OpenAI now tries to hide that ChatGPT was trained on copyrighted books, including J.K. Rowling's Harry Potter series

Cyfuture AI@lemmy.world · 8 months ago

OpenAI has stated that its models were trained on publicly available and licensed data. There is no confirmed evidence that ChatGPT was specifically trained on copyrighted books like J.K. Rowling’s Harry Potter series. The company has not disclosed the full details of its training data.

rosenjcb@lemmy.world · edit-2 3 years ago

The powers that be have done a great job convincing the layperson that copyright is about protecting artists and not publishers. It’s historically inaccurate and you can discover that copyright law was pushed by publishers who did not want authors keeping second hand manuscripts of works they sold to publishing companies.

Additional reading: https://en.m.wikipedia.org/wiki/Statute_of_Anne

Thorny_Thicket@sopuli.xyz · 3 years ago

I don’t get why this is an issue. Assuming they purchased a legal copy that it was trained on then what’s the problem? Like really. What does it matter that it knows a certain book from cover to cover or is able to imitate art styles etc. That’s exactly what people do too. We’re just not quite as good at it.

Hildegarde@lemmy.world · 3 years ago

A copyright holder has the right to control who has the right to create derivative works based on their copyright. If you want to take someone’s copyright and use it to create something else, you need permission from the copyright holder.

The one major exception is Fair Use. It is unlikely that AI training is a fair use. However this point has not been adjudicated in a court as far as I am aware.

LordShrek@lemmy.world · 3 years ago

this is so fucking stupid though. almost everyone reads books and/or watches movies, and their speech is developed from that. the way we speak is modeled after characters and dialogue in books. the way we think is often from books. do we track down what percentage of each sentence comes from what book every time we think or talk?

SpiderShoeCult@sopuli.xyz · 3 years ago

Aye, but I’m thinking the whole notion of copyright is banking on the fact that human beings are inherently lazy and not everyone will start churning out books in the same universe or style. And if they do, it takes quite some time to get the finished product and they just get sued for it. It’s easy, because there’s a single target.

So there’s an extra deterrent to people writing and publishing a new harry potter novel, unaffiliated with the current owner of the copyright. Invest all that time and resources just to be sued? Nah…

Issue with generating stuff with 'puters is that you invest way less time, so the same issue pops up for the copyright owner, they’re just DDoS-ed on their possible attack routes. Will they really sue thousands or hundreds of thoudands of internet randos generating harry potter erotica using a LLM? Would you even know who they are?
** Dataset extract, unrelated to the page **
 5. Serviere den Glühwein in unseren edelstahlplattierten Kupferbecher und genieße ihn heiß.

People can hide money away in Switzerland from entite governments, I’m sure there are ways to hide your identity from a book publisher.

It was never about the content, it’s about the opportunities the technology provides to halt the gears of the system that works to enforce questionable laws. So they’re nipping it in the bud.
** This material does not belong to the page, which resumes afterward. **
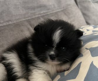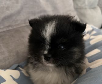 Pomeranian puppies include black and tan parti, chocolate, tri-colored, and chocolate sable. Colors will vary depending on the parent dogs.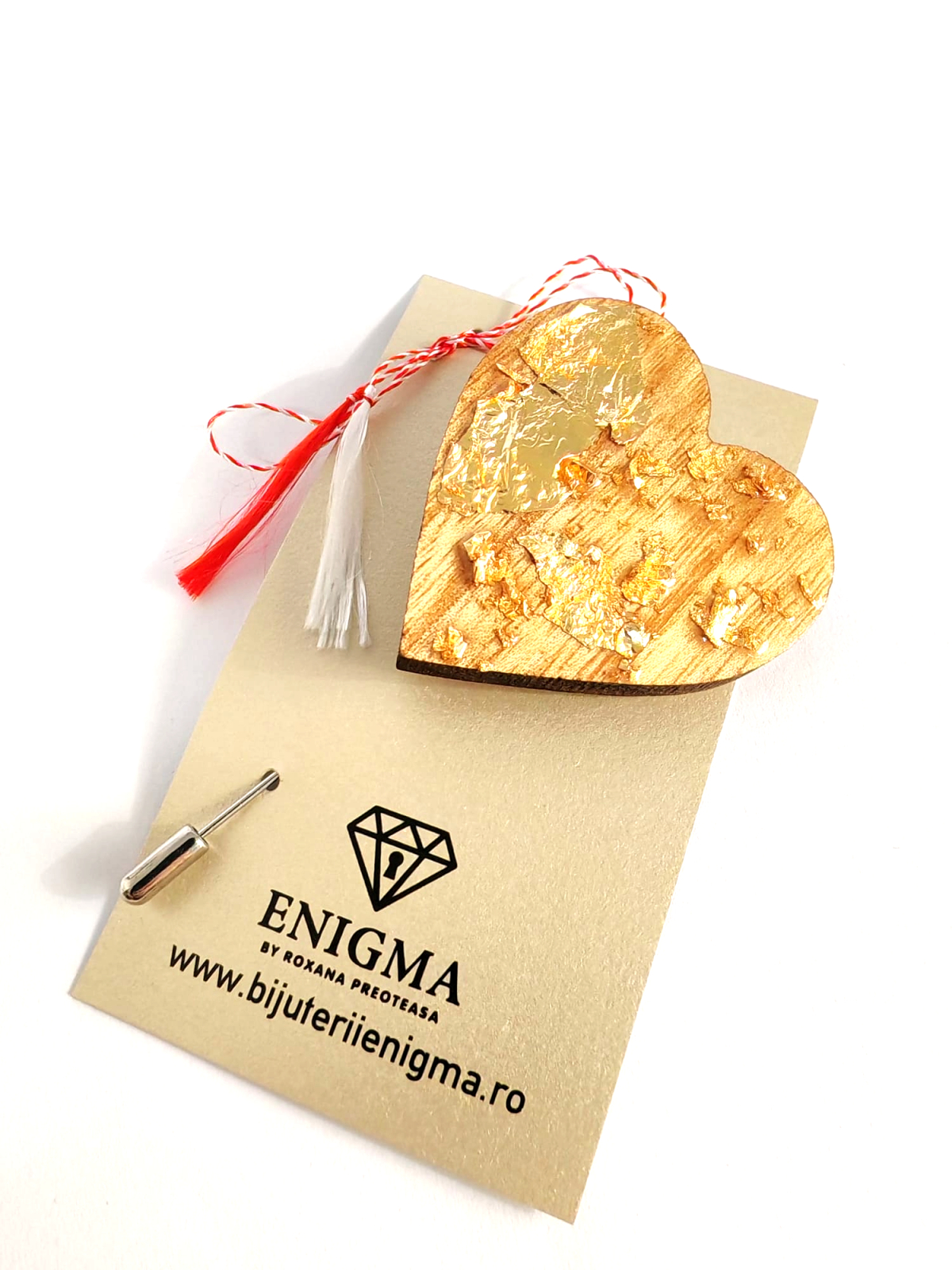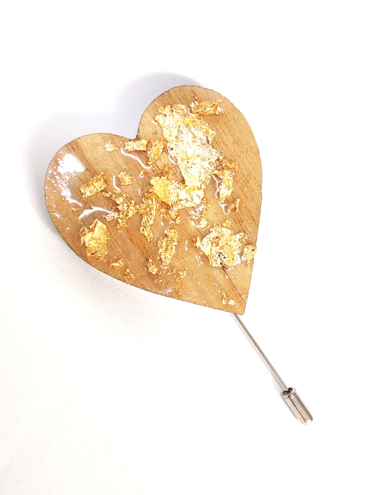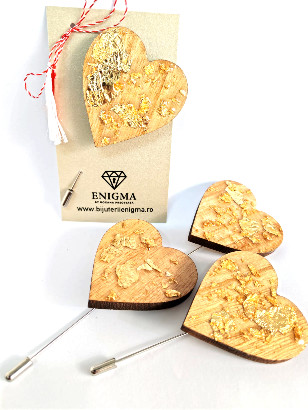 Accesoriul este prevazut cu un ac de brosa metalic rezistent, ușor de prins pe haine, esarfe sau genti. Fiecare brosa este unică datorita texturii naturale a lemnului si distributiei foitei de aur, devenind astfel o mica opera de arta purtabila — perfecta pentru cei care apreciaza frumusetea obiectelor handmade.

LordShrek@lemmy.world · 3 years ago

this brings up the question: what is a book? what is art? if an “AI” can now churn out the next harry potter sequel and people literally can’t tell that it’s not written by JK Rowling, then what does that mean for what people value in stories? what is a story? is this a sign that we humans should figure something new out, instead of reacting according to an outdated protocol?

yes, authors made money in the past before AI. now that we have AI and most people can get satisfied by a book written by AI, what will differentiate human authors from AI? will it become a niche thing, where some people can tell the difference and they prefer human authors? or will there be some small number of exceptional authors who can produce something that is obviously different from AI?

i see this as an opportunity for artists to compete with AI, rather than say “hey! no fair! he can think and write faster than me!”

FatCat@lemmy.world · 3 years ago

It is not a derivative it is transformative work. Just like human artists “synthesise” art they see around them and make new art, so do LLMs.

BURN@lemmy.world · 3 years ago

LLMs don’t create anything new. They have limited access to what they can be based on, and all assumptions made by it are based on that data. They do not learn new things or present new ideas. Only ideas that have been already done and are present in their training.

Default_Defect@midwest.social · 3 years ago

They made it read Harry Potter? No wonder its gonna kill us all one day.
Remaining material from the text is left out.